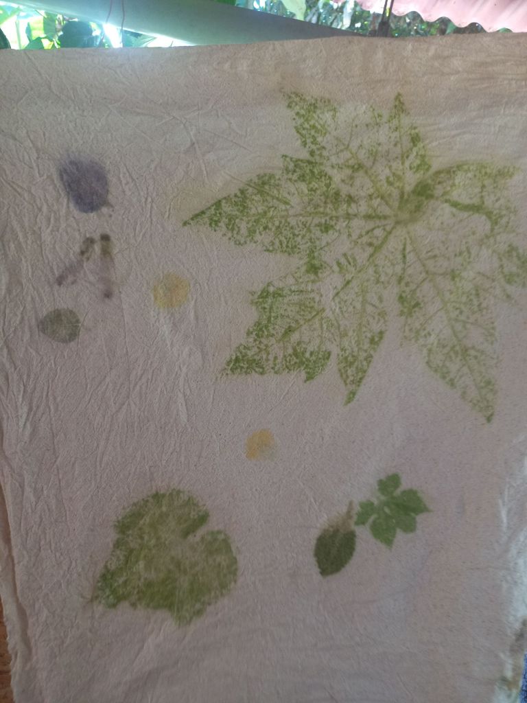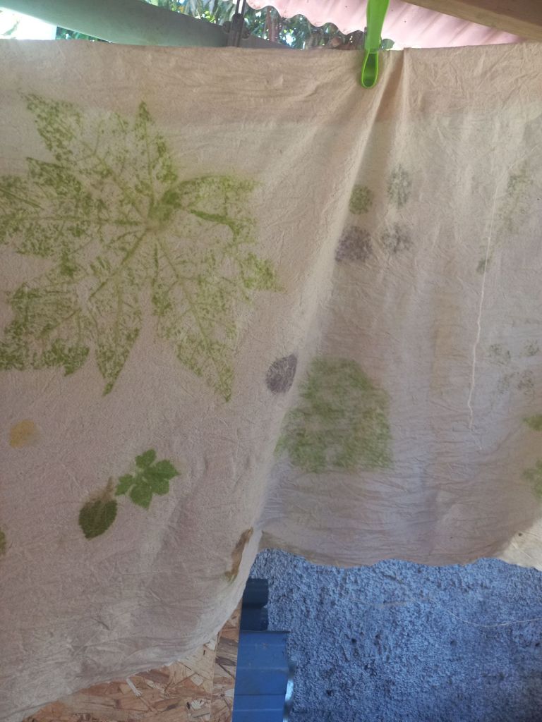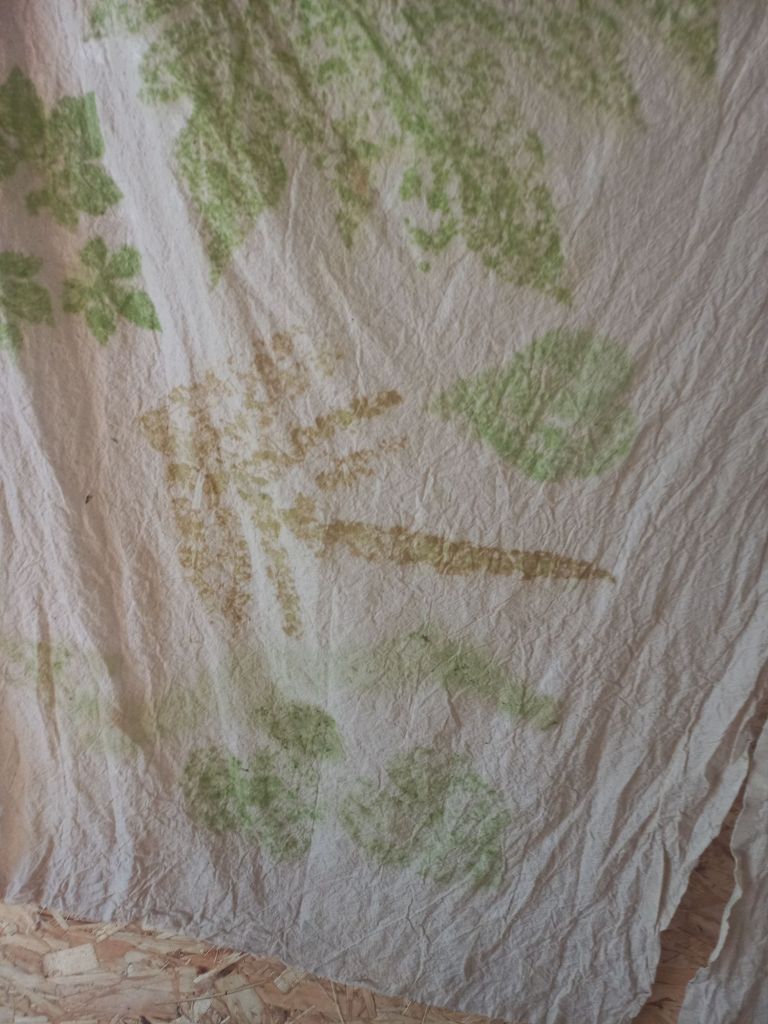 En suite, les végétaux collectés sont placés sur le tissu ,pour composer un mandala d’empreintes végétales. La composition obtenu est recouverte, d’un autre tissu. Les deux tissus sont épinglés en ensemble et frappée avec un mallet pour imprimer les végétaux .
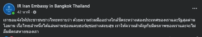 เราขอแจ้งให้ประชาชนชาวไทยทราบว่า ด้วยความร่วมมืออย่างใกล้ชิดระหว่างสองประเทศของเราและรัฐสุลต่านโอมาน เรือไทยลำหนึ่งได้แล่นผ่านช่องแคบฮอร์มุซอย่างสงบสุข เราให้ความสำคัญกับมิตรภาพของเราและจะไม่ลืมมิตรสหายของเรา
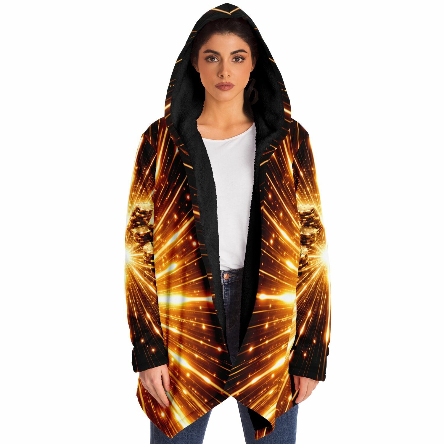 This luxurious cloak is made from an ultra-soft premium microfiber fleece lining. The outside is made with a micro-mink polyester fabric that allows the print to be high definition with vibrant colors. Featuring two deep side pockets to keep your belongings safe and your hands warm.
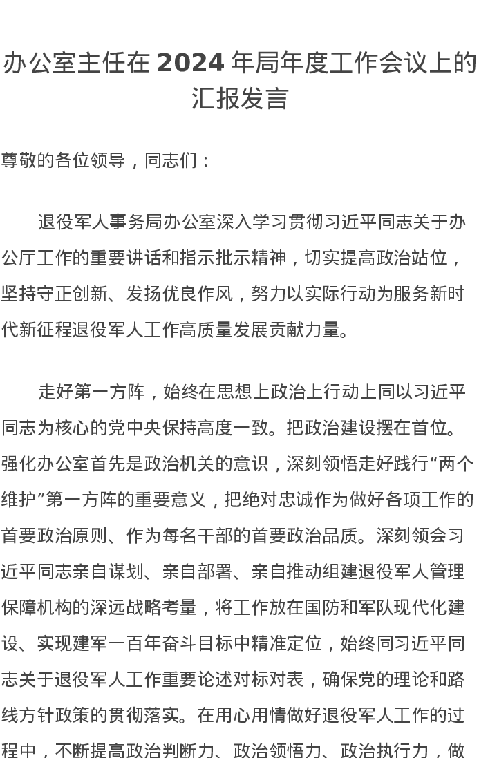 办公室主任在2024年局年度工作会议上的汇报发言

=== Work request ===
Reproduce the material exactly. Pictures stay out.

=== Answer to this problem ===
 En suite, les végétaux collectés sont placés sur le tissu ,pour composer un mandala d’empreintes végétales. La composition obtenu est recouverte, d’un autre tissu. Les deux tissus sont épinglés en ensemble et frappée avec un mallet pour imprimer les végétaux .
 เราขอแจ้งให้ประชาชนชาวไทยทราบว่า ด้วยความร่วมมืออย่างใกล้ชิดระหว่างสองประเทศของเราและรัฐสุลต่านโอมาน เรือไทยลำหนึ่งได้แล่นผ่านช่องแคบฮอร์มุซอย่างสงบสุข เราให้ความสำคัญกับมิตรภาพของเราและจะไม่ลืมมิตรสหายของเรา
 This luxurious cloak is made from an ultra-soft premium microfiber fleece lining. The outside is made with a micro-mink polyester fabric that allows the print to be high definition with vibrant colors. Featuring two deep side pockets to keep your belongings safe and your hands warm.
 办公室主任在2024年局年度工作会议上的汇报发言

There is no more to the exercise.